WHAT YOU WILL DO:
Copy out the data that comes next, character for character, and leave the images aside.

INFORMATION SUPPLIED:
===
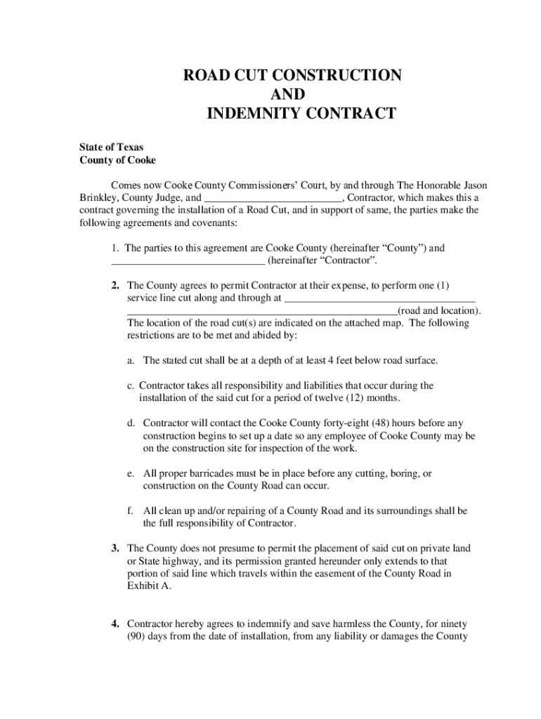 ROAD CUT CONSTRUCTION AND INDEMNITY CONTRACT State of Texas County of Cooke Comes now Cooke County Commissioners Court, by and through The Honorable Jason Brinkley, County Judge, and ___, Contractor,
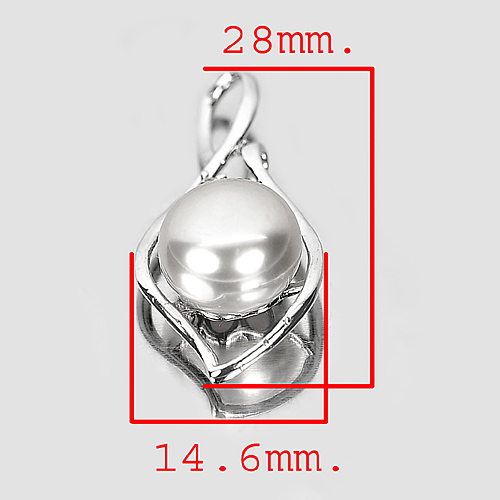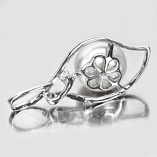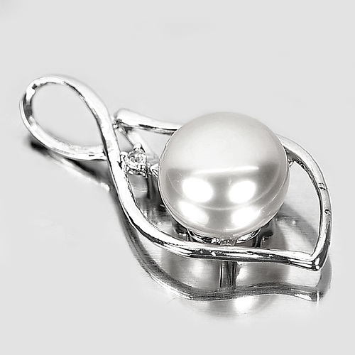 3.18 G. Round Cabochon Natural White Pearl Rhodium Silver Plated Pendant
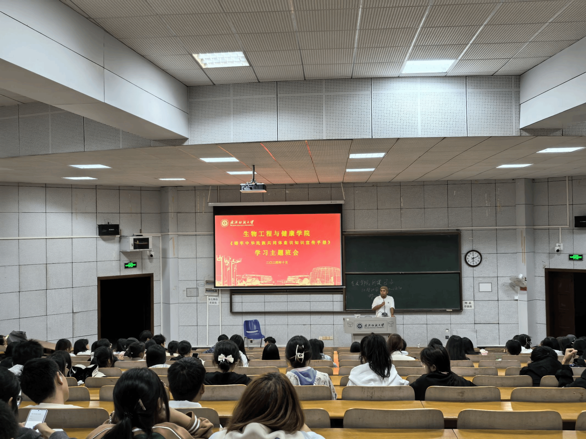 于7-T102教室召开《铸牢中华民族共同体意识知识宣传手册》学习主题班会,大会由朱一雷老师主持,全体大二学生共同参与。
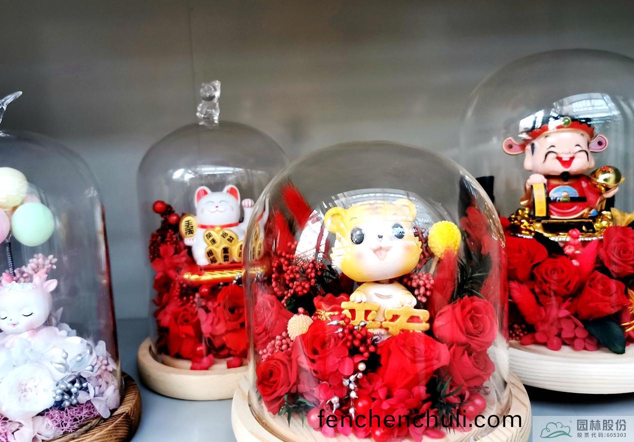 作(zuo)爲(wei)今年年宵蘤的(de)熱門爆欵(kuan),畫境·青(qing)山湖(hu)蘤(hua)園中(zhong)心推齣(chu)的(de)永生(sheng)蘤(hua)主要(yao)以財(cai)神(shen)、招(zhao)財貓(mao)、福虎(hu)欵紅(hong)色係(xi)列爲主。
===
EXPECTED ANSWER:
 ROAD CUT CONSTRUCTION AND INDEMNITY CONTRACT State of Texas County of Cooke Comes now Cooke County Commissioners Court, by and through The Honorable Jason Brinkley, County Judge, and ___, Contractor,
 3.18 G. Round Cabochon Natural White Pearl Rhodium Silver Plated Pendant
 于7-T102教室召开《铸牢中华民族共同体意识知识宣传手册》学习主题班会,大会由朱一雷老师主持,全体大二学生共同参与。
 作(zuo)爲(wei)今年年宵蘤的(de)熱門爆欵(kuan),畫境·青(qing)山湖(hu)蘤(hua)園中(zhong)心推齣(chu)的(de)永生(sheng)蘤(hua)主要(yao)以財(cai)神(shen)、招(zhao)財貓(mao)、福虎(hu)欵紅(hong)色係(xi)列爲主。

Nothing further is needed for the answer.